Главный ориентир, как уже сказано, — Павел Коган, кристальный идеолог поколения. Рядом — Михаил Кульчицкий, чувствилище коммунизма. Николай Майоров, в котором зрел философ Истории. Все погибли.
Вышедший из огня Борис Слуцкий — вот с кем доводится выяснять смысл испытания. Чисто литературная с ним перекличка не очень существенна, но очень существен диалог, описанный Коржавиным в мемуарах.
«Слуцкий хочет знать… согласны ли мы, что именно на наше время и на наше поколение легла задача — сознательно, ценой невероятных жертв, усилий и насилий решить главные проблемы человечества».
Слуцкий говорит: да. Проблемы решатся.
Коржавин говорит: нет. Не решатся! Не потому, что недостижимо. А потому, что ужасно, если решатся. Если будущее, ради которого пошло в огонь поколение, будет достигнуто.

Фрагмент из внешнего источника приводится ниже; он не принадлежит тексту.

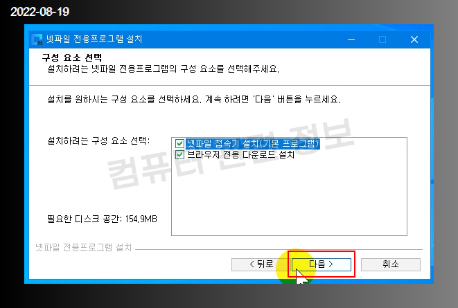 다음 클릭.

Для них, из огня вышедших, Война и Победа становятся оправданием всего. «В них были вера и доверие», как сказал другой друг-оппонент Коржавина Давид Самойлов.
Коржавин более не признает этой веры и не испытывает доверия к тем, кто её исповедует.

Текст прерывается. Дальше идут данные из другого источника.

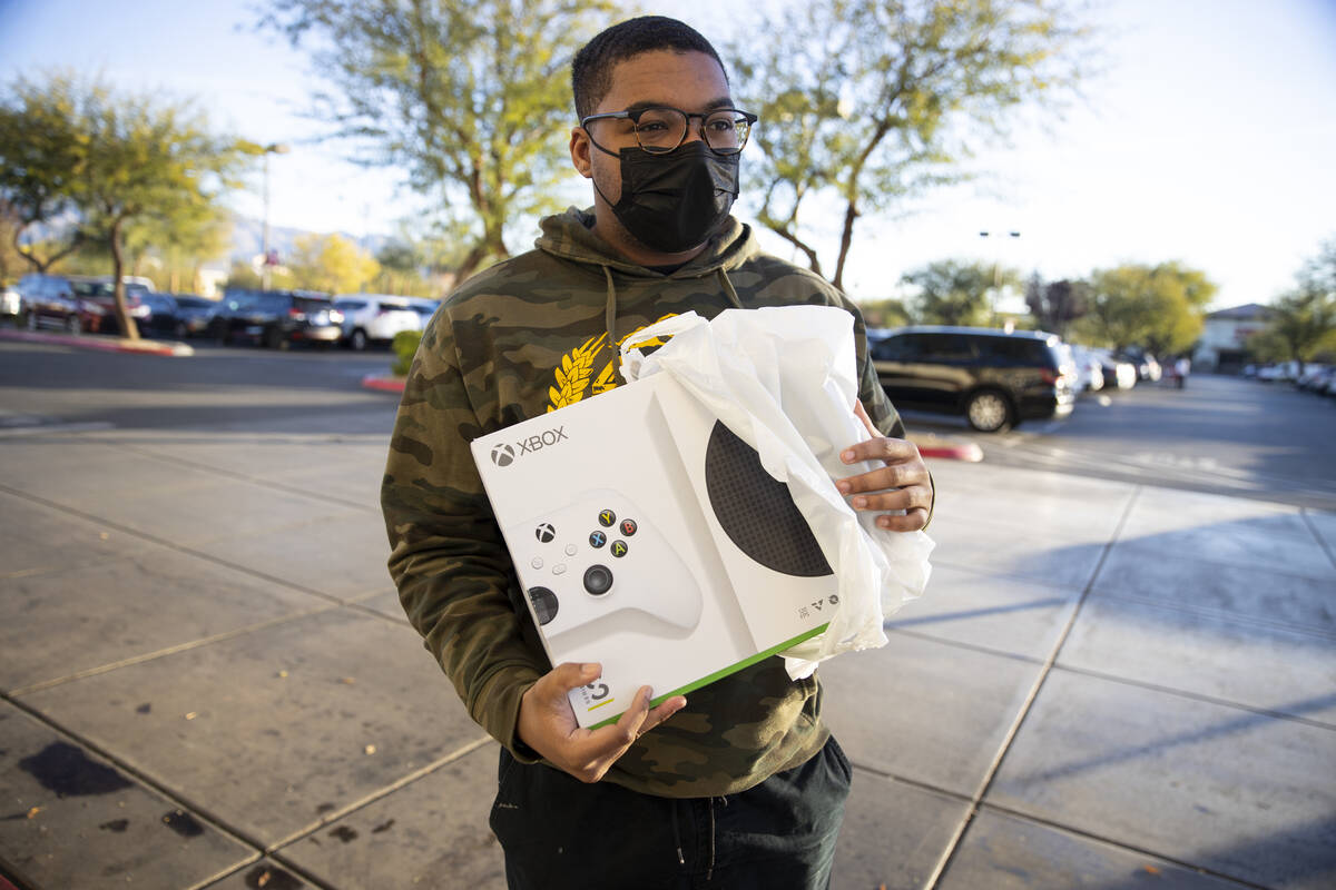 “I’m here hopefully for a graphics card and computer parts,” 18-year-old Alex Vilorenu said as he stood near the end of a line that snaked all the way around the corner of the store at 6950 Arroyo Crossing Parkway at 4:40 a.m.

Войну и Победу не признаёт?
Признаёт. В юности рвался на фронт — судьба перегородила дорогу белым билетом. Маршрут, ему доставшийся, отнюдь не назовёшь физически щадящим — и в тюрьме, и в ссылке он своё получил. Но для души этот вариант не менее тяжек, чем фронтовой. Главное тут — что Война и Победа не подменили своей героикой того мучения, которое по определению на роду написано этой душе — коржавинской душе, с мыслью, летящей впереди слов, с логикой, не отступающей ни на пядь, с яростным отрицанием всякой двойственности.
Вот и прошла душа этот путь до логического конца, всю ложь выявила, всю двойственность обличила, всю кривизну выпрямила, выправила. Приняла муку познания.
Война не убила — убил мир, не похожий на овал.
Обещалось счастье — вышло знание. Великое знание Великая печаль.
Ползёт на плаху к палачу,
Трубя: «Дорогу!»…
«We will be happy!» — якричу
Сквозь безнадёгу…
Будем счастливы! — бодрятся гостеприимные американские мечтатели, подменяя наш соблазн своим соблазном — на другой стороне земшара, куда занесла судьба нашего мальчика.
«We will be happy!» — чувствнастой.
Не фраза — веха.
И символ веры в тьме пустой
На скосе века.
Требовался для чистоты опыта долгий век — судьба послала.
Он не отверг дара.
В 1991 году, весной, Мадонна поколения мальчиков Державы, автор тридцати поэтических сборников, депутат Верховного Совета СССР Юлия Владимировна Друнина, написала прощальные письма: дочери, внучке, зятю, в издательство, готовившее очередную её книгу, в милицию, в Союз писателей:
"…Оставаться в этом ужасном, передравшемся, созданном для дельцов с железными локтями мире?.. Лучше — уйти… по своей воле. Правда, мучает мысль о грехе самоубийства, хотя я, увы, неверующая. Но если Бог есть, он поймет меня…"
Она заперлась в гараже и отравила себя выхлопными газами. На дверях гаража оставила записку: не пугайтесь, вызовите милицию, вскройте гараж.